Excerpts from a dataset:
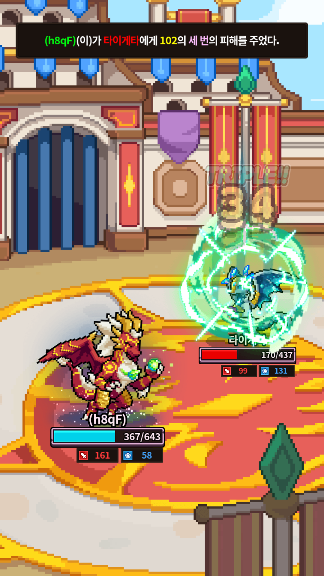 세 번 공격 시, 자신의 드래곤이 공격할 때만, 드래곤이 표시되며, 3번 공격하게 되비다.
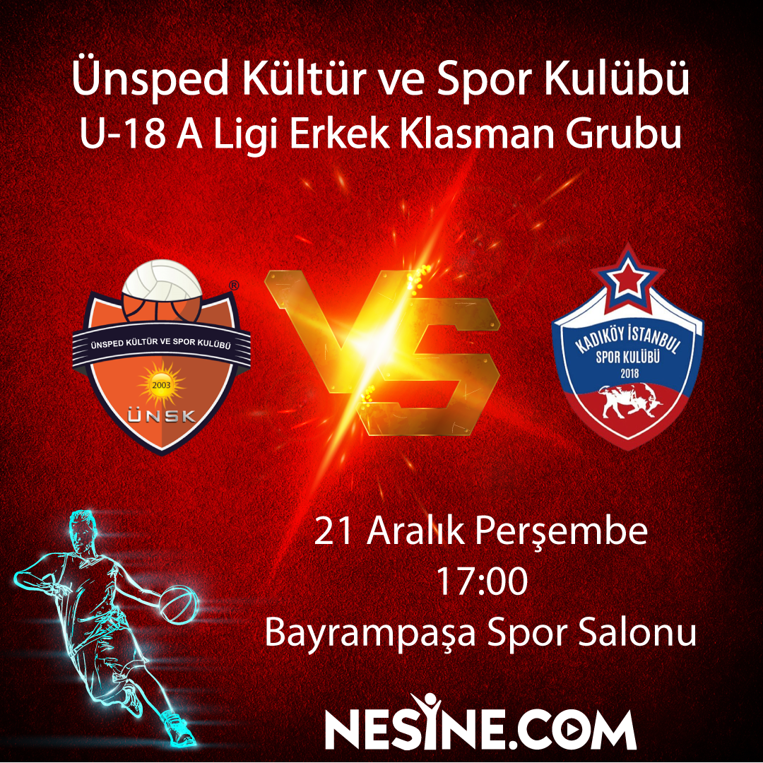 U-18 A Ligi Erkek Klasman Grubu Ünsped Kültür ve Spor Kulübü vs Kadıköy İstanbul Spor Kulübü Tarih: 21 Aralık PerşembeSaat: 17:00Yer : Bayrampaşa Spor Salonu
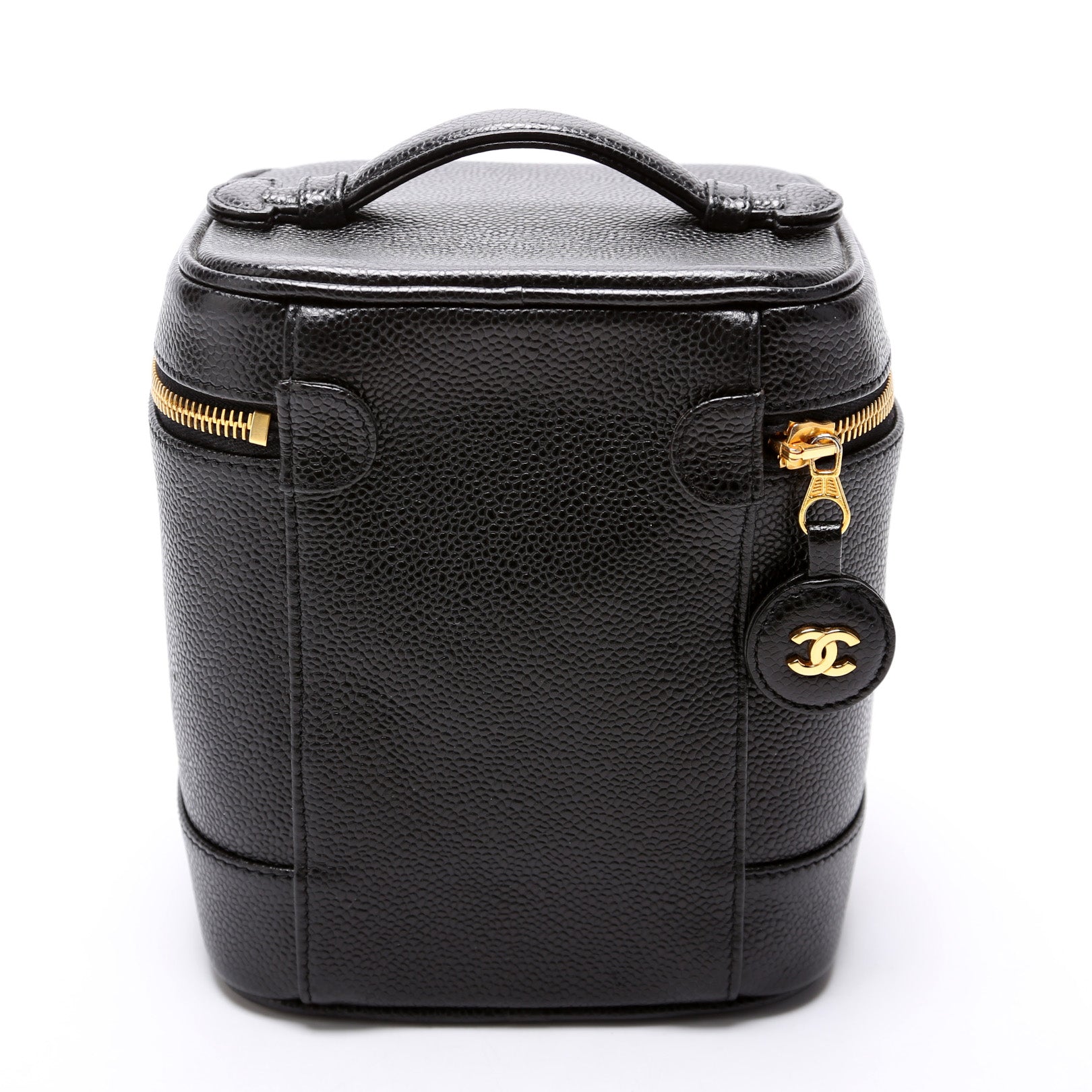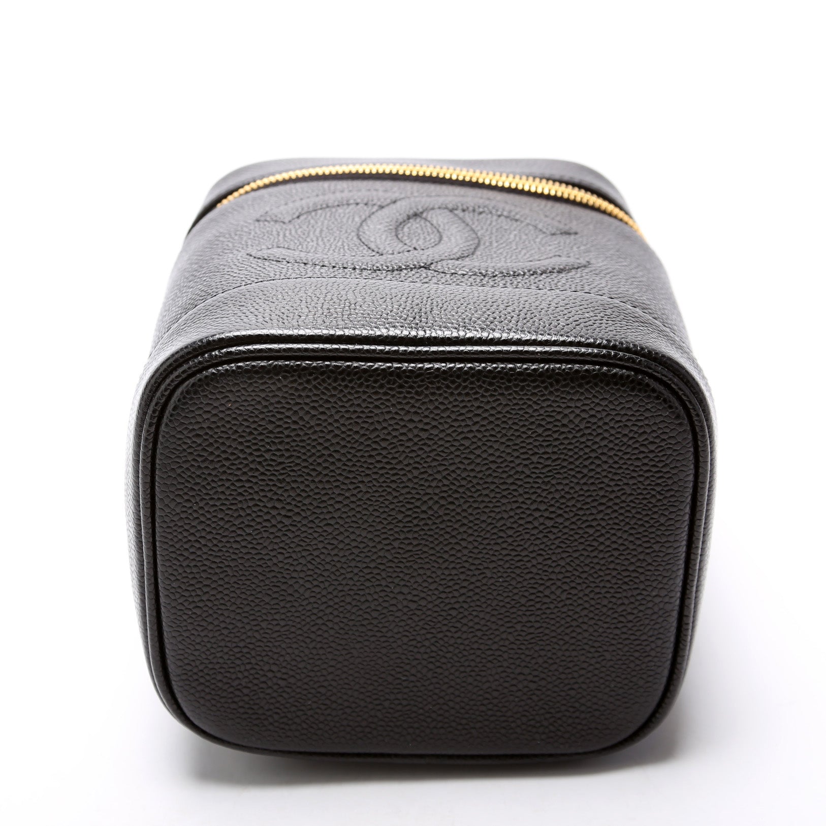 Chanel CC Vanity Case Small. The exterior is in the classic Chanel Caviar leather.
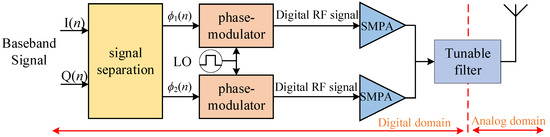In recent years, the development trend of wireless communication has been to utilize software radio to achieve functions of the digital domain for a transmitter. The all-digital transmitter (ADTx) has developed rapidly, and its flexible reconfigurable and programmable performance meets the design requirements of the high efficiency of the transmitter and the demand of SDR technology [1,2]. ADTx implements radio frequency (RF) functions such as up-conversion and pulse encoding in the digital domain and is mainly composed of a direct digital radio frequency modulator (DDRFM), a switched-mode power amplifier (SMPA), and the tuning filter. The DDRFM not only realizes the digital up-conversion of the baseband signal but also converts the digital radio frequency signal into a pulse signal suitable for switching amplification through a certain pulse encoding algorithm [3].
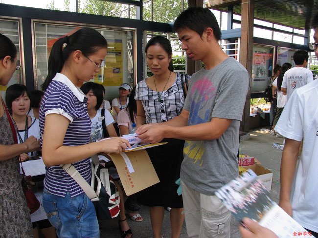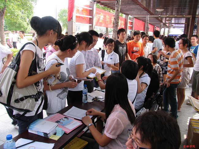 9月5日,浙江财经学院2009级本科生正式来校报道。还不到早上7:00,在文化长廊水果派 迎新点,许多志愿者已忙碌起来。随着迎新海报、宣传题板、相关材料陆续就位,书写有“我的大学,我的水果派 ”的大红条幅也被庄重挂上,让新老金融学子同时感受到一种踏实亲切的归属感。新一年的九月,水果派 又将迎来309位本科新生。
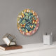 Butterflies Pattern Blue Green Yellow Shades Large Clock
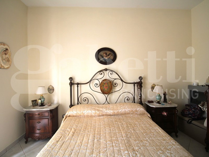 Gli ambienti interni, dotati di riscaldamento autonomo, sono attualmente distribuiti in cucina abitabile con soggiorno attiguo, disimpegno, due camere da letto e bagno con vasca idromassaggio; tutte le stanze hanno accesso diretto sui due ampi balconi che cingono il perimetro della casa.
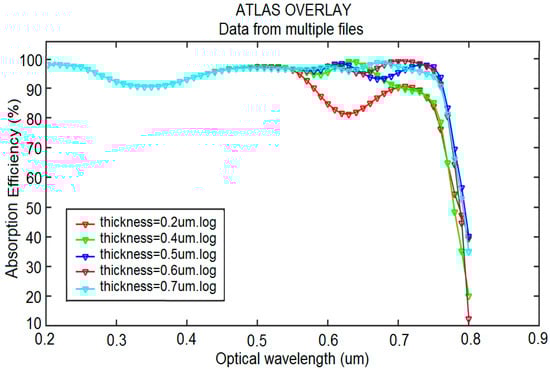 Figure 6 shows the photon absorption in the inverted planar PSC for the anti-reflective coating of CaF2. The lowest photon absorption was obtained for the perovskite layer with a thickness of 200 nm. The increased thickness of the absorbent layer increases the photon absorption at longer wavelengths. Therefore, a wider absorption range absorbs higher-energy photons in the ultraviolet region and emits fluorescence at wavelengths between 450 and 750 nm, where the quantum efficiency of the solar cell is higher. Finally, increased fluorescence intensity increases the short-circuit current density, followed by an improved efficiency in this solar cell.

* Exercise: Leave out the pictures and output every record above precisely as given.

* Written response:
 세 번 공격 시, 자신의 드래곤이 공격할 때만, 드래곤이 표시되며, 3번 공격하게 되비다.
 U-18 A Ligi Erkek Klasman Grubu Ünsped Kültür ve Spor Kulübü vs Kadıköy İstanbul Spor Kulübü Tarih: 21 Aralık PerşembeSaat: 17:00Yer : Bayrampaşa Spor Salonu
 Chanel CC Vanity Case Small. The exterior is in the classic Chanel Caviar leather.
In recent years, the development trend of wireless communication has been to utilize software radio to achieve functions of the digital domain for a transmitter. The all-digital transmitter (ADTx) has developed rapidly, and its flexible reconfigurable and programmable performance meets the design requirements of the high efficiency of the transmitter and the demand of SDR technology [1,2]. ADTx implements radio frequency (RF) functions such as up-conversion and pulse encoding in the digital domain and is mainly composed of a direct digital radio frequency modulator (DDRFM), a switched-mode power amplifier (SMPA), and the tuning filter. The DDRFM not only realizes the digital up-conversion of the baseband signal but also converts the digital radio frequency signal into a pulse signal suitable for switching amplification through a certain pulse encoding algorithm [3].
 9月5日,浙江财经学院2009级本科生正式来校报道。还不到早上7:00,在文化长廊水果派 迎新点,许多志愿者已忙碌起来。随着迎新海报、宣传题板、相关材料陆续就位,书写有“我的大学,我的水果派 ”的大红条幅也被庄重挂上,让新老金融学子同时感受到一种踏实亲切的归属感。新一年的九月,水果派 又将迎来309位本科新生。
 Butterflies Pattern Blue Green Yellow Shades Large Clock
 Gli ambienti interni, dotati di riscaldamento autonomo, sono attualmente distribuiti in cucina abitabile con soggiorno attiguo, disimpegno, due camere da letto e bagno con vasca idromassaggio; tutte le stanze hanno accesso diretto sui due ampi balconi che cingono il perimetro della casa.
 Figure 6 shows the photon absorption in the inverted planar PSC for the anti-reflective coating of CaF2. The lowest photon absorption was obtained for the perovskite layer with a thickness of 200 nm. The increased thickness of the absorbent layer increases the photon absorption at longer wavelengths. Therefore, a wider absorption range absorbs higher-energy photons in the ultraviolet region and emits fluorescence at wavelengths between 450 and 750 nm, where the quantum efficiency of the solar cell is higher. Finally, increased fluorescence intensity increases the short-circuit current density, followed by an improved efficiency in this solar cell.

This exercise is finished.